◆ **Directions for this task**: Repeat exactly the lines of the records below, starting at the line containing "10多只通信、电子股股价创出" and ending at the line containing "Squared 3 1/2". Leave the pictures out.

◆ **Given information**:
▼
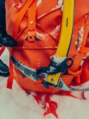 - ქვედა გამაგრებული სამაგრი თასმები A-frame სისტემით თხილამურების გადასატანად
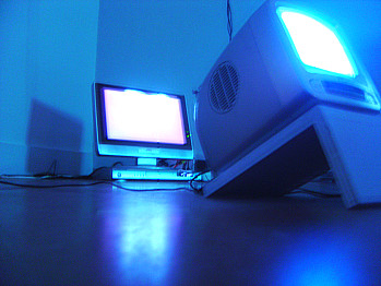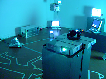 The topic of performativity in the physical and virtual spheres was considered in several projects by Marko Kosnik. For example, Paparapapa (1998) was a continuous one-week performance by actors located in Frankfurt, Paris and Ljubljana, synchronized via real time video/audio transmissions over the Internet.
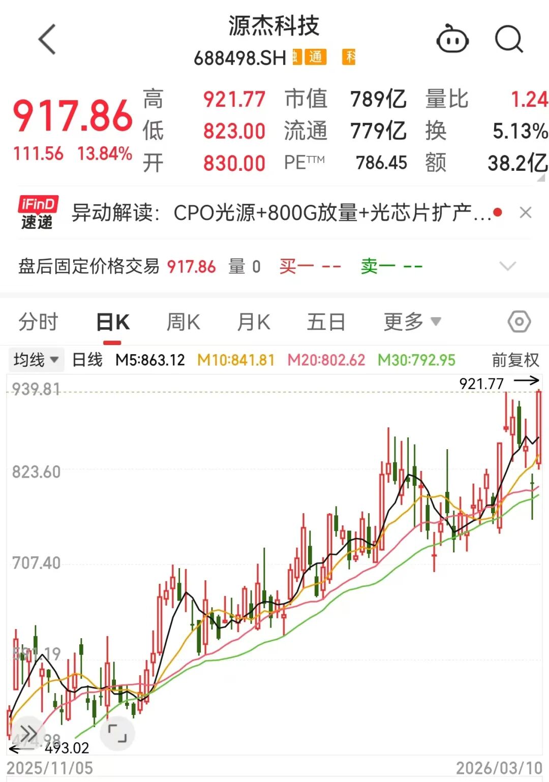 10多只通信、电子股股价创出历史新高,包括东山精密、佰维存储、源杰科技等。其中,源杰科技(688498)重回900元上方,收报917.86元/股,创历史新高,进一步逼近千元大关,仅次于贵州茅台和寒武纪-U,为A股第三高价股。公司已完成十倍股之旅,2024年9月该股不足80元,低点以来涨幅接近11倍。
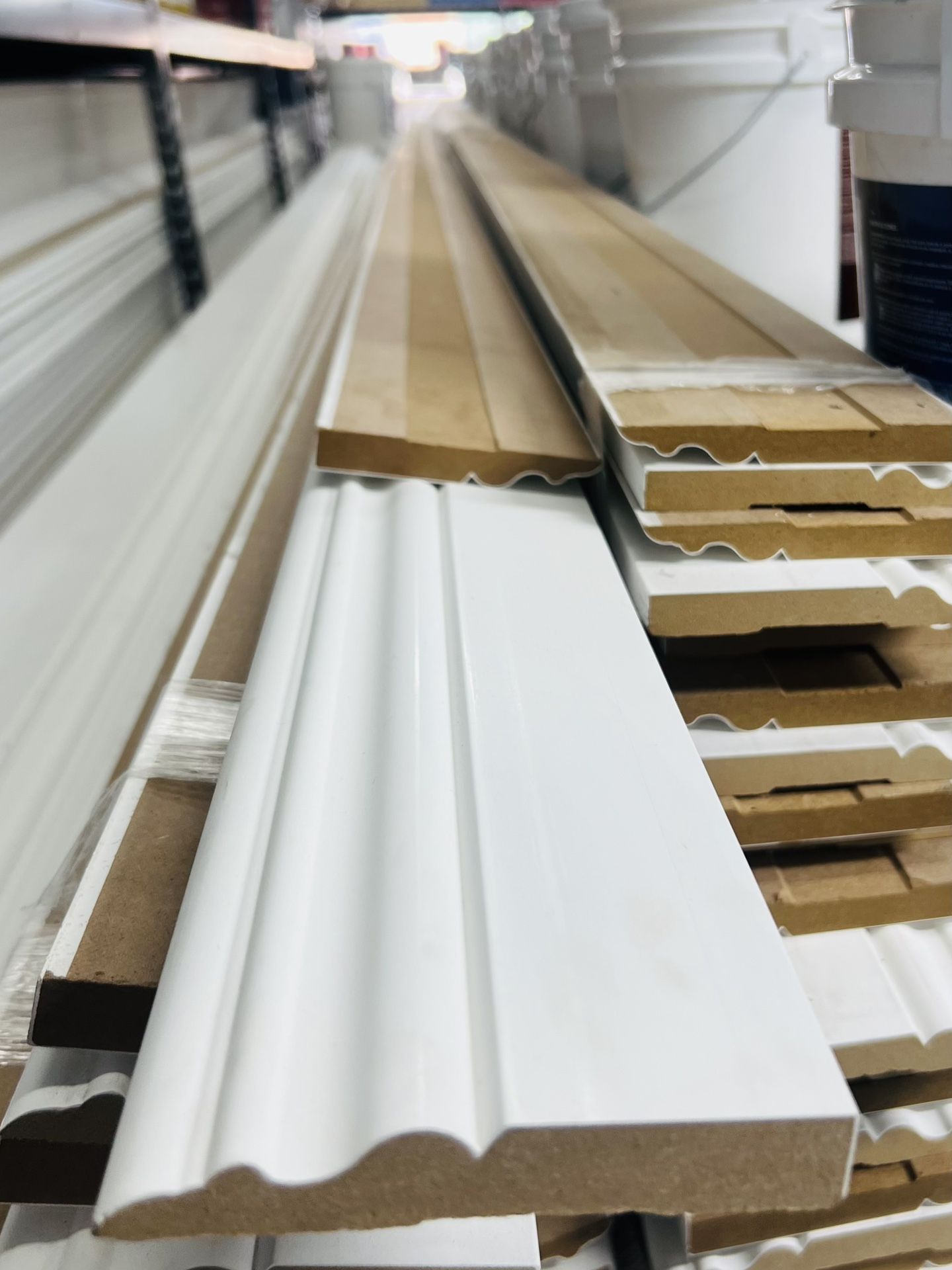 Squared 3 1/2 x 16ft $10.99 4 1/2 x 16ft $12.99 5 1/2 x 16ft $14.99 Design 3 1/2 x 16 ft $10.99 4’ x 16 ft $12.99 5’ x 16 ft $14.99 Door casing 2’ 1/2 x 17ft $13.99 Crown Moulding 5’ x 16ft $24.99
▲
▼
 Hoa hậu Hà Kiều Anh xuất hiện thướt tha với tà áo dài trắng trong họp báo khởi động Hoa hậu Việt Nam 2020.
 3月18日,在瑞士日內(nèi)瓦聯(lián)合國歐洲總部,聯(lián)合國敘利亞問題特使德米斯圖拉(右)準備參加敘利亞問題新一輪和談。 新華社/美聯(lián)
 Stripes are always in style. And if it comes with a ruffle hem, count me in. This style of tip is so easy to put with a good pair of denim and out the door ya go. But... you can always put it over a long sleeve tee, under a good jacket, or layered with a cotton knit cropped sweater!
▲
▼
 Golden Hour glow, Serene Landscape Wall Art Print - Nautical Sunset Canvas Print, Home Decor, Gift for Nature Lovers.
▲
◆ **Solved exercise**:
 10多只通信、电子股股价创出历史新高,包括东山精密、佰维存储、源杰科技等。其中,源杰科技(688498)重回900元上方,收报917.86元/股,创历史新高,进一步逼近千元大关,仅次于贵州茅台和寒武纪-U,为A股第三高价股。公司已完成十倍股之旅,2024年9月该股不足80元,低点以来涨幅接近11倍。
 Squared 3 1/2 x 16ft $10.99 4 1/2 x 16ft $12.99 5 1/2 x 16ft $14.99 Design 3 1/2 x 16 ft $10.99 4’ x 16 ft $12.99 5’ x 16 ft $14.99 Door casing 2’ 1/2 x 17ft $13.99 Crown Moulding 5’ x 16ft $24.99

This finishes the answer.